Les étapes de priorisation en groupe des phases TRIAGE 1 et 2 ont permis l’atteinte de ces deux objectifs. Cette recherche contribue donc à appuyer l’efficacité de TRIAGE pour permettre la prise de décision en groupe. En effet, les participants sont arrivés à un accord quant à l’importance de tous les éléments de contenu et de format, puisqu’aucun n’est demeuré dans la section Frigo du support visuel. Ainsi, à la fin des deux rencontres de priorisation, les membres du comité aviseur avaient atteint un consensus quant aux informations à inclure dans l’outil (contenu) et quant au format le plus approprié pour rejoindre les familles en SVSE. Ces priorités ont été présentées dans la section précédente de ce mémoire, qui porte sur le contenu et le format de l’outil.

Au terme de cette recherche, il a été constaté que l’utilisation d’un support visuel et de critères sont les deux principaux atouts de la méthode TRIAGE qui ont favorisé l’atteinte d’un consensus. Le support visuel a offert un cadre pour structurer la priorisation des idées en étapes. Il a aussi permis aux participants de suivre l’avancement de la démarche de priorisation tout au long des rencontres, puisqu’ils voyaient quelles idées étaient classées et celles qui demeuraient à analyser. Cela a d’ailleurs facilité la gestion du temps. Les critères offraient une base commune d’analyse facilitant la détermination de la priorité de chacune des idées. Les participants restaient centrés sur ces critères pour déterminer si une idée de contenu ou de format devait être incluse dans l’outil et il y a eu peu d’écarts de sujets. Il a également été remarqué que TRIAGE permet de mobiliser activement les participants dans le processus décisionnel. Nous avons ressenti que les participants avaient une grande motivation à échanger ensemble pour arriver à s’entendre sur le contenu et le format de l’outil. Il y avait un désir commun d’allier les différents points de vue et de faire des compromis pour prendre une décision qui convient à tous. Cependant, après avoir expérimenté TRIAGE, il est possible de questionner s’il s’agit de la méthode la plus appropriée à utiliser avec des parents en SVSE. Les membres de notre groupe ont apprécié la méthode et l’ont trouvé utile pour le but de notre recherche, mais ont tout de même mentionné que le processus de priorisation était exigeant. En effet, à partir de critères, ils devaient analyser rapidement la priorité d’idées qu’ils considéraient toutes importantes, prendre position et justifier leurs points de vue aux autres membres du comité. Certains ont exprimé que ce n’était pas facile « On a des gros morceaux, tout est important,

tout est relié, comment on va être capable d’arrimer ça, moi-même je suis tout mêlée…j’ai parlé de plusieurs choses en même temps, je suis déchirée tous les sujets sont intéressants. » En outre, dans cette méthode les

participants confrontent leurs préférences, remettent en question la pertinence des idées et négocient en groupe, ce qui peut être confrontant. Avec des individus d’une population marginalisée, souvent victimes de jugements, à risque d’avoir vécu des expériences négatives de soins et dont le sentiment de compétence parentale est plus susceptible d’être faible, nous nous demandons ainsi si elle est appropriée. D’un autre côté, la composante visuelle et la flexibilité de TRIAGE soutiennent son utilisation auprès de cette population.

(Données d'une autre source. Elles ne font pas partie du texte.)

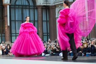Het tegengif voor ‘Quiet Luxury’ Het is niet echt nieuw, maar je zou de ‘historisch romantisch’-trend, het huidige tegengif van ‘quiet luxury’ kunnen noemen. Chiffon, tule, voile en kant worden gebruikt in grote schuimende volumes die de crinolines uit het Victoriaanse tijdperk terugbrengen. Misschien denken we enkel aan de zwarte variant, maar...
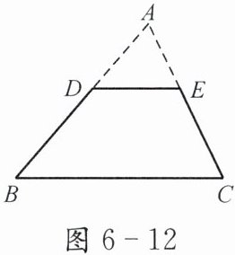 2. 马路旁边原有一个周长为 80 m 的三角形绿地 ABC(图 6 - 12),由于马路拓宽,绿地被“削”去一个角,变成了四边形绿地 BCED,其中 BC//DE,已知原绿地的一边 AB 的长由 30 m 缩短成 18 m,那么被“削”去部分的周长是多少?
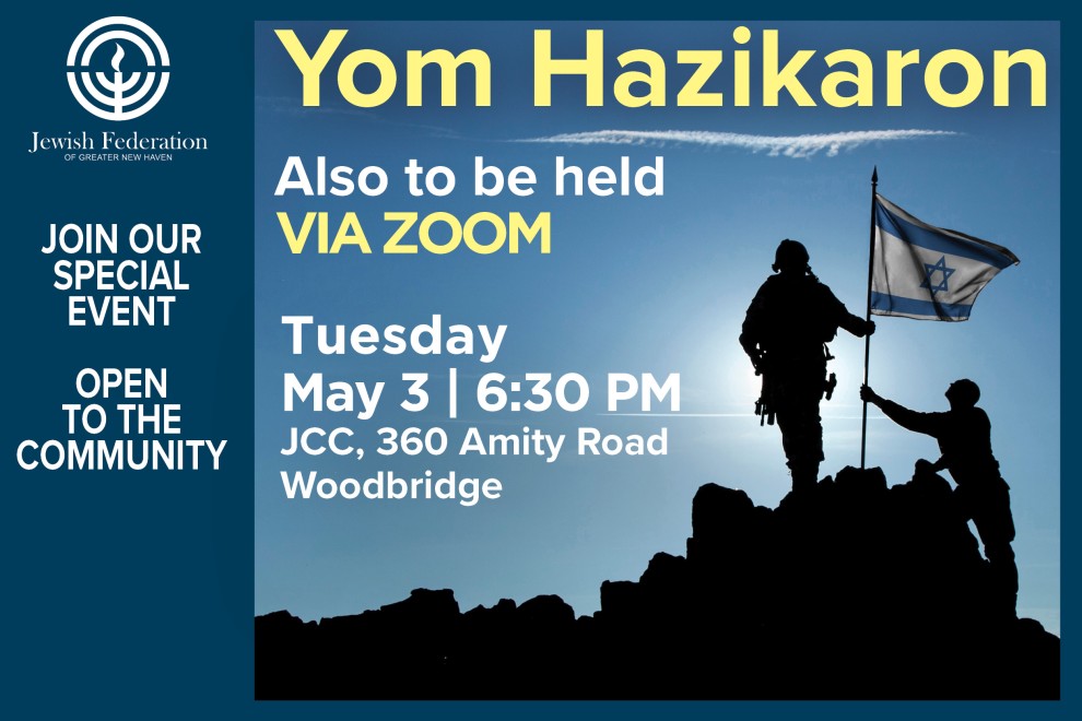You are invited to a Greater New Haven Community Yom Hazikaron Ceremony for fallen IDF soldiers and victims of terror, led by Tal and Yoav from Israel at Your Doorstep.
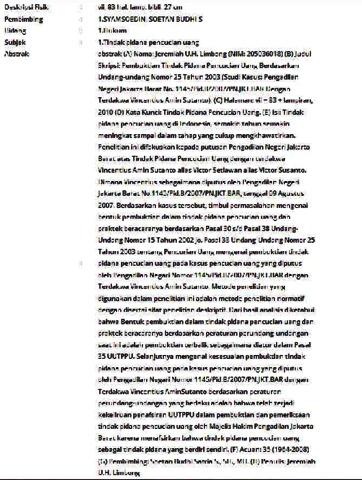 (A) Nama: Jeremiah U.H. Limbong (NIM: 205036018) (B) Judul Skripsi: Pembuktian Tindak Pidana Pencucian Uang Berdasarkan Undang-undang Nomor 25 Tahun 2003 (Studi Kasus: Pengadilan Negeri Jakarta Barat No. 1145/Pid.B/2007/PN.JKT.BAR Dengan Terdakwa Vincentius Amin Sutanto). (C) Halaman: vii + 83 + lampiran, 2010 (D) Kata Kunci: Tindak Pidana Pencucian Uang. (E) Isi: Tindak pidana pencucian uang di Indonesia, semakin tahun semakin meningkat sampai dalam tahap yang cukup mengkhawatirkan. Penelitian ini difokuskan kepada putusan Pengadilan Negeri Jakarta Barat atas Tindak Pidana Pencucian Uang dengan terdakwa Vincentius Amin Sutanto alias Victor Setiawan alias Victor Susanto. Dimana Vincentius sebagaimana diputus oleh Pengadilan Negeri Jakarta Barat No.1145/Pid.B/2007/PN.JKT.BAR, tanggal 09 Agustus 2007. Berdasarkan kasus tersebut, timbul permasalahan mengenai bentuk pembuktian dalam tindak pidana pencucian uang dan praktek beracaranya berdasarkan Pasal 30 s/d Pasal 38 Undang-Undang Nomor 15 Tahun 2002 jo. Pasal 33 Undang-Undang Nomor 25 Tahun 2003 tentang Pencurian Uang mengenai pembuktian tindak pidana pencucian uang pada kasus pencucian uang yang diputus oleh Pengadilan Negari Nomor 1145/Pid.B/2007/PN.JKT.BAR dengan Terdakwa Vincentius Amin Sutanto. Metode penelitian yang digunakan dalam penelitian ini adalah metode penelitian normatif dengan disertai sifat penelitian deskriptif. Dari hasil analisis diketahui bahwa Bentuk pembuktian dalam tindak pidana pencucian uang dan praktek beracaranya berdasarkan peraturan perundang-undangan saat ini adalah pembuktian terbalik sebagaimana diatur dalam Pasal 35 UUTPPU. Selanjutnya mengenai kesesuaian pembuktian tindak pidana pencucian uang pada kasus pencucian uang yang diputus oleh Pengadilan Negari Nomor 1145/Pid.B/2007/PN.JKT.BAR dengan Terdakwa Vincentius AminSutanto berdasarkan peraturan perundang-undangan yang berlaku adalah bahwa telah terjadi kekeliruan penafsiran UUTPPU dalam pembuktian dan pemeriksaan tindak pidana pencucian uang oleh Majelis Hakim Pengadilan Jakarta Barat karena menafsirkan bahwa tindak pidana pencucian uang sebagai tindak pidana yang berdiri sendiri. (F) Acuan: 35 (1964-2008) (G) Pembimbing: Soetan Budhi Satria S., SH., MH. (H) Penulis: Jeremiah U.H. Limbong
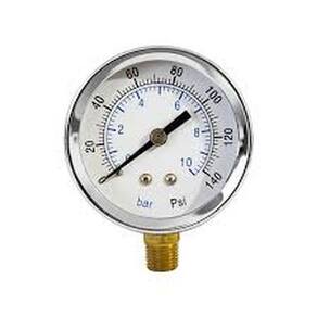 Manometro compressor 140lbs/ 10 bar vertical rottan manometro compressor 140lbs/ 10 bar vertical rotta Equipamento para medir pressão interna do circuito. Fornecido em várias faixas , deve ser dimensionado conforme aplicação. Montagem tipo vertical é largamente utilizado em conjuntos de preparação do ar e rede de ar. :: especificações técnicas: - manômetro vertical 1/4 50mm 10 bar - diâmetro: 50mm - rosca: inferior 1/4 npt - escala: 0-1 mpa / 0-150 psi - material: caixa externa em alumínio / rosca em latão / visor acrílico Ref.: rotta-600321 Marca: rotta Marca: Não Informado
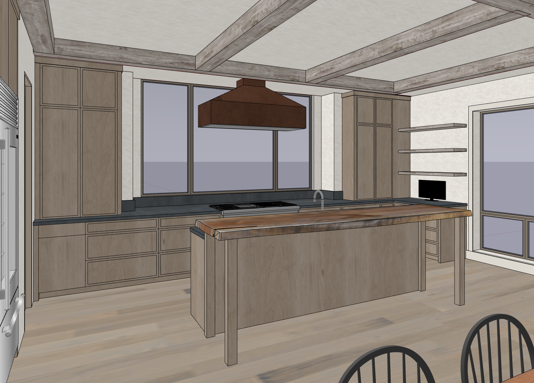 the cabinets are a rift oak the ceiling is a soft white drywall the ceiling beams are a distressed reclaimed grey beam
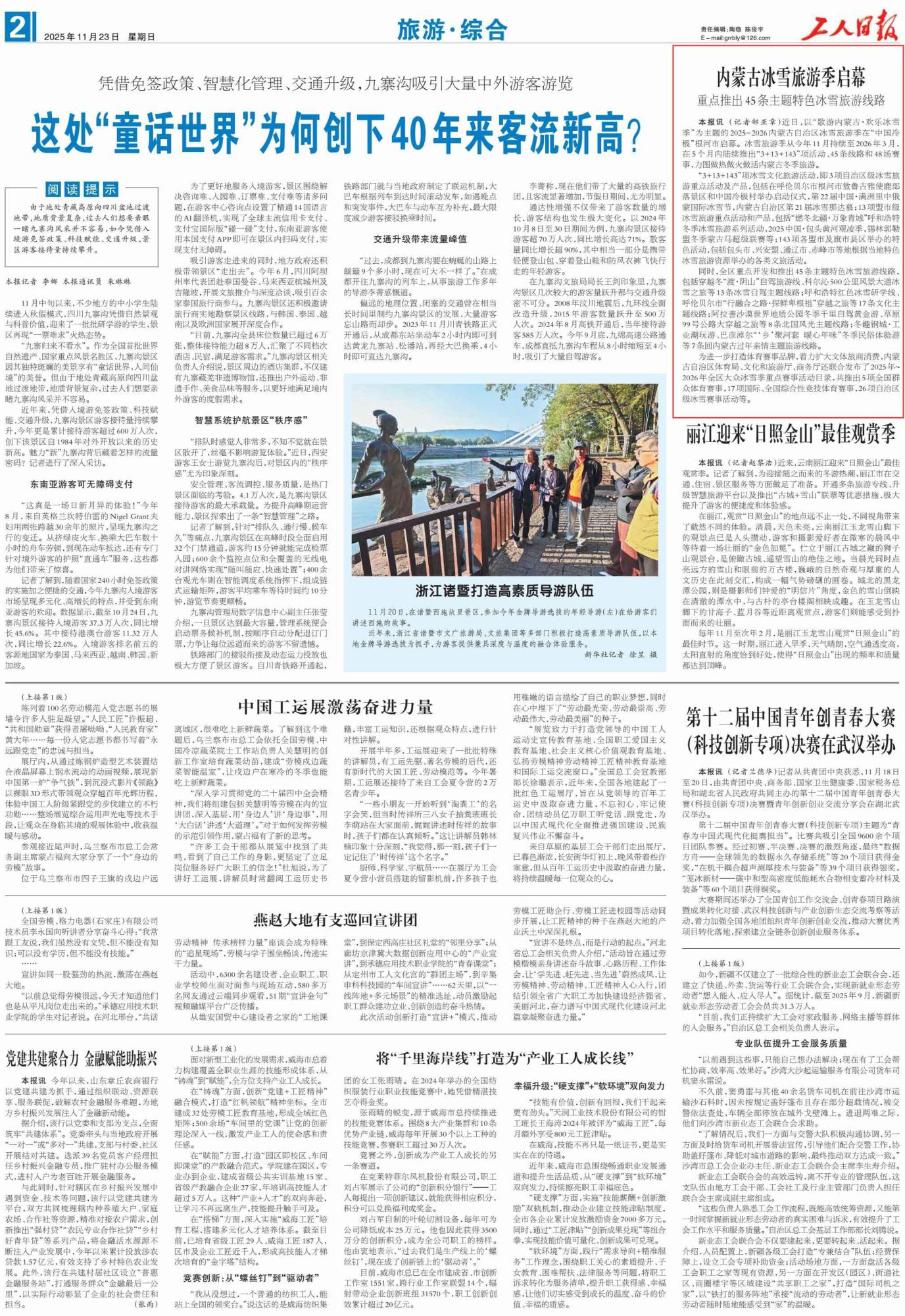 2025年11月23日,《工人日報(bào)》第2版刊發(fā)題為《內(nèi)蒙古冰雪旅游季啟幕 重點(diǎn)推出45條主題特色冰雪旅游線路》的文章,報(bào)道了2025-2026內(nèi)蒙古自治區(qū)冰雪旅游季近日在“中國冷極”根河市啟幕。冰雪旅游季從今年11月持續(xù)至2026年3月,陸續(xù)推出“3+13+143”項(xiàng)活動、45條線路和48場賽事。
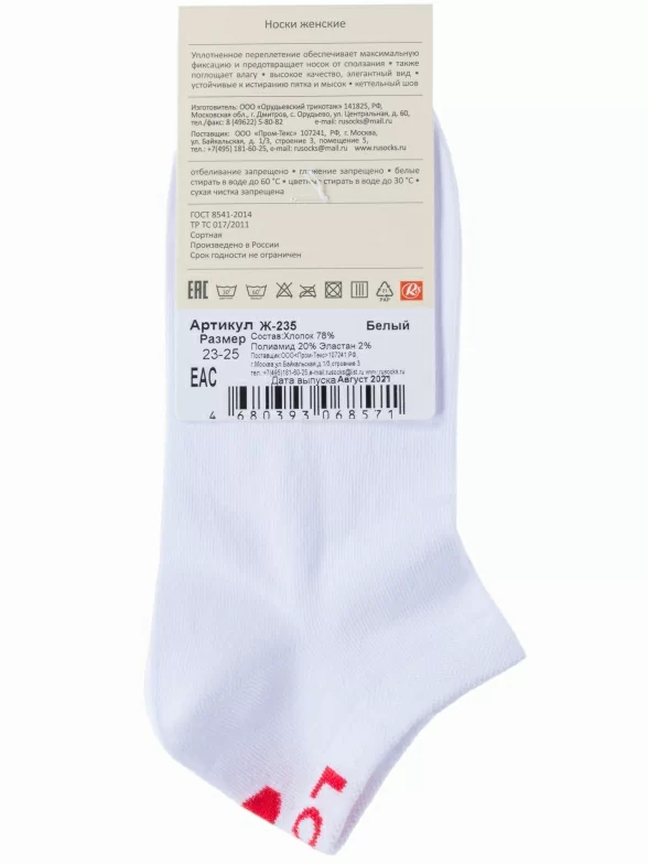 Пара белых носков артикула Ж-235 поставляется с фабричной этикеткой в обычном или курьер-пакете.
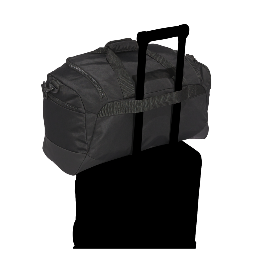 This small duffel bag is built for athletes on the go, whether to practice or a weekend travel tourney. Durably built to resist wear and tear, it's got a water-resistant base and a strap that lets you connect it to a luggage trolley. Multiple zip pockets and a large main compartment hold your gear. Webbing attachments let you clip stuff like keys or a water bottle.
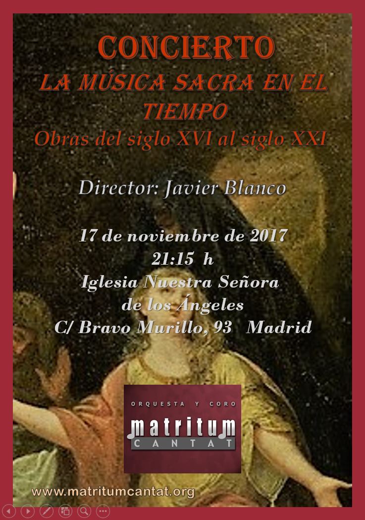 Concierto música sacra – Iglesia Nuestra Señora de los Ángeles Fecha y hora: Viernes, 17 nov 201721:15 Lugar:Iglesia Nuestra Señora de los Ángeles C/ Bravo Murillo, 93 Madrid Cargando mapa.... Iglesia Nuestra Señora de los ÁngelesC/ Bravo Murillo, 93 - MadridEventos 40.445744 -3.7041378000000122
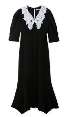 ホワイトのフリル襟が特徴のブラックマキシワンピース。
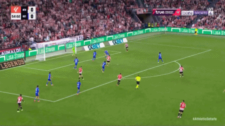 54’古鲁泽塔三秒区内顶球攻门,皮球被守门员扑住
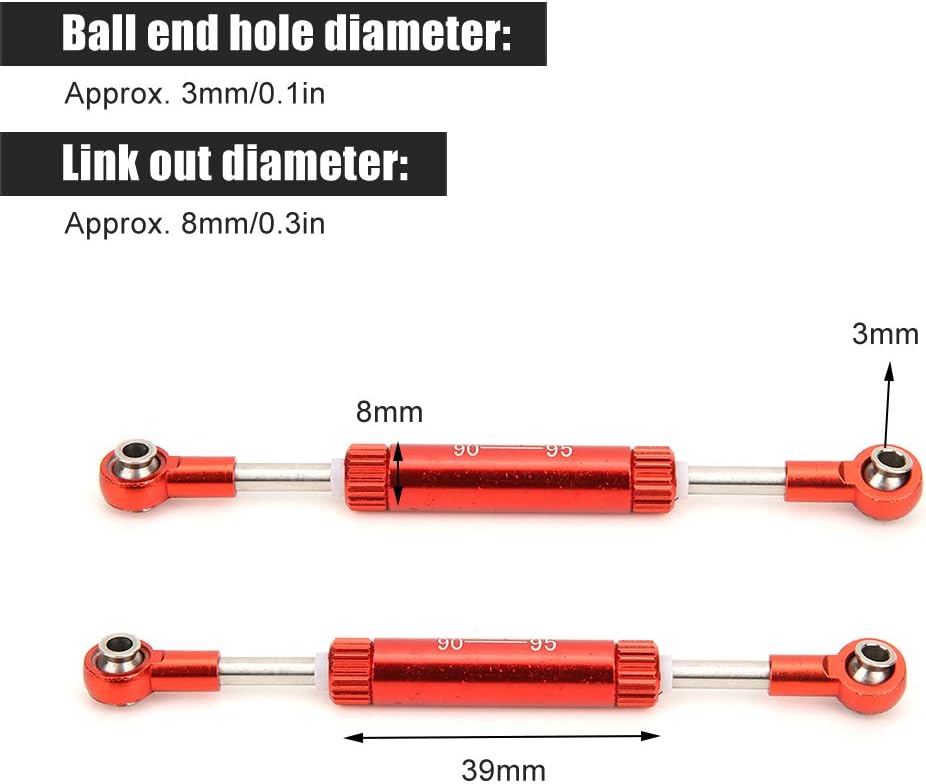 [Performance migliorate] Aggiorna la tua auto RC con questi accessori per leva dello sterzo [Lunghezza personalizzabile] Regolabile di 75-100 mm per la regolazione personalizzata [Funzionamento regolare] Diametro del foro a sfera da 3 mm per movimento senza soluzione di continuità [Light Design] pesa 11 g per effetti minimi sulle prestazioni [Fit Universal] Compatibile con SCX10 D90 1/10 RC Auto
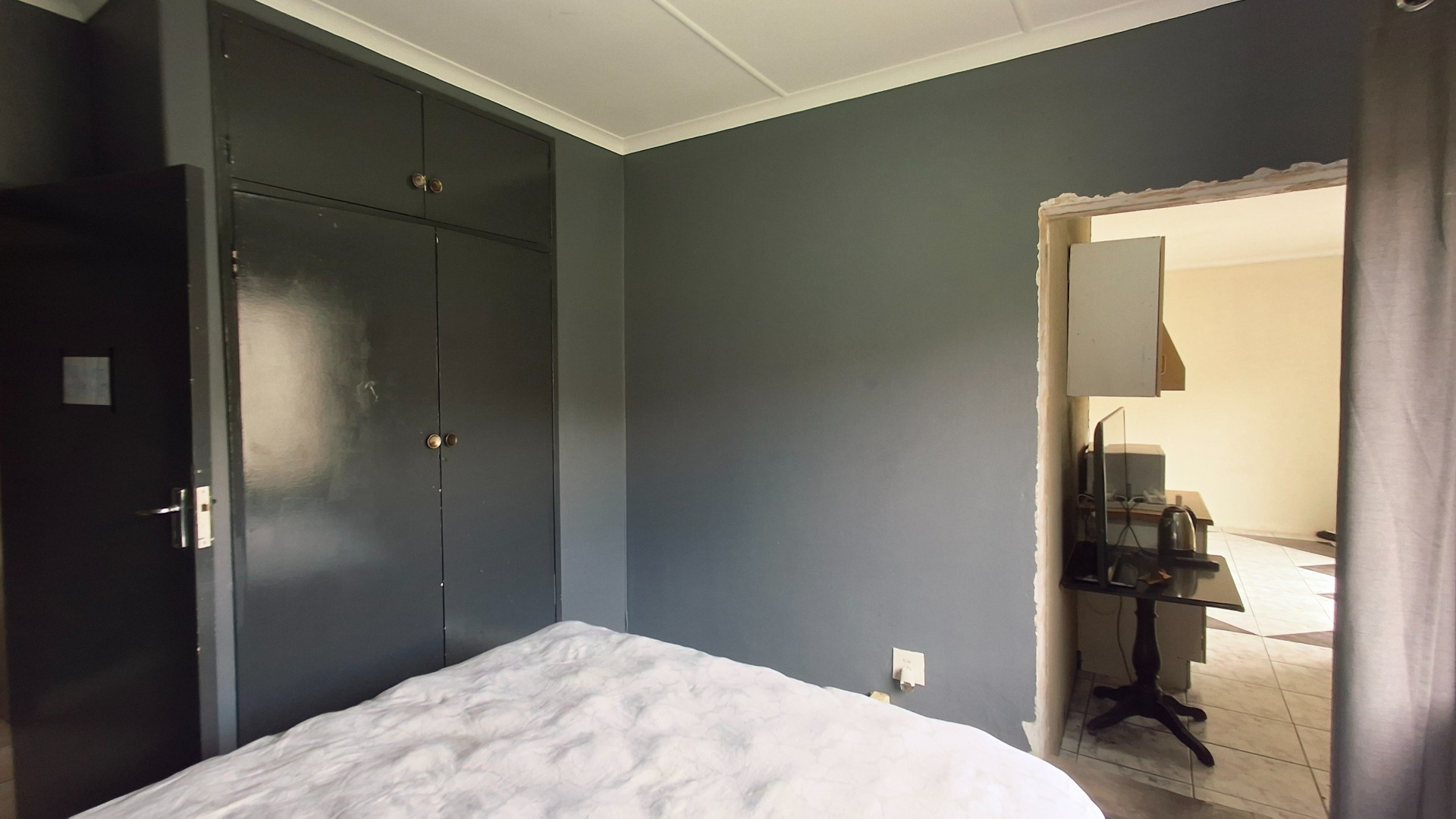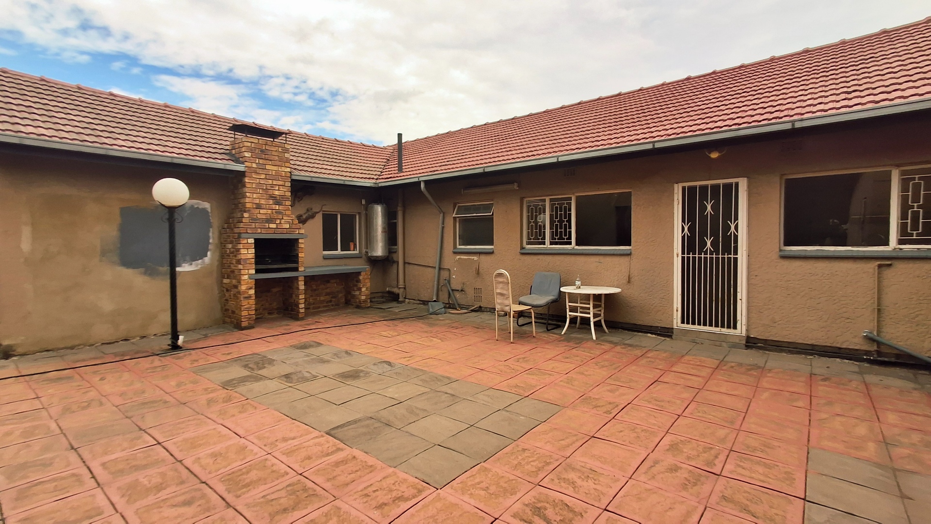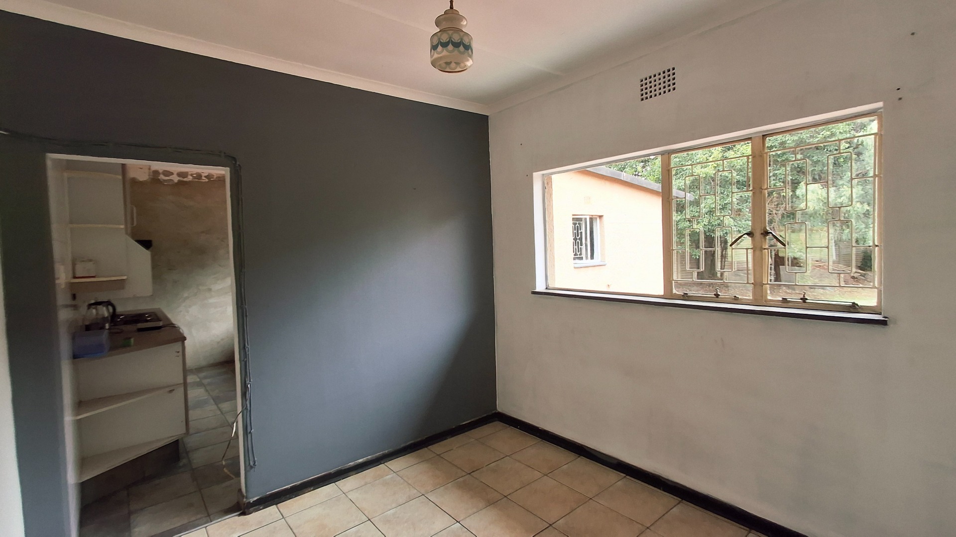 The home comprises three well-proportioned bedrooms, serviced by a single bathroom. A dedicated study offers an ideal space for a home office. The kitchen, currently awaiting renovation, presents a blank canvas for your dream culinary design. A charming built-in fireplace in one of the living areas adds warmth and character, while burglar bars enhance security throughout the property.

Effectivement, bien que ce soit une méthode standardisée, TRIAGE laisse la possibilité d’adapter le matériel et le processus de recherche aux caractéristiques des participants.

Par contre, il est possible de se demander si la recherche d’un consensus permet réellement de faire le choix qui répond le mieux aux besoins de la population cible. Par exemple, pour le format, l’échelle de mesure était la meilleure option envisagée dans le temps disponible pour arriver à une entente de groupe. Toutefois, nous ressentions que c’était davantage les caractéristiques de ce format que l’échelle en soi qui importaient aux participants. Nous pensons qu’il est possible qu’une autre alternative ait pu davantage convenir aux participants s’ils avaient eu plus de temps pour y réfléchir.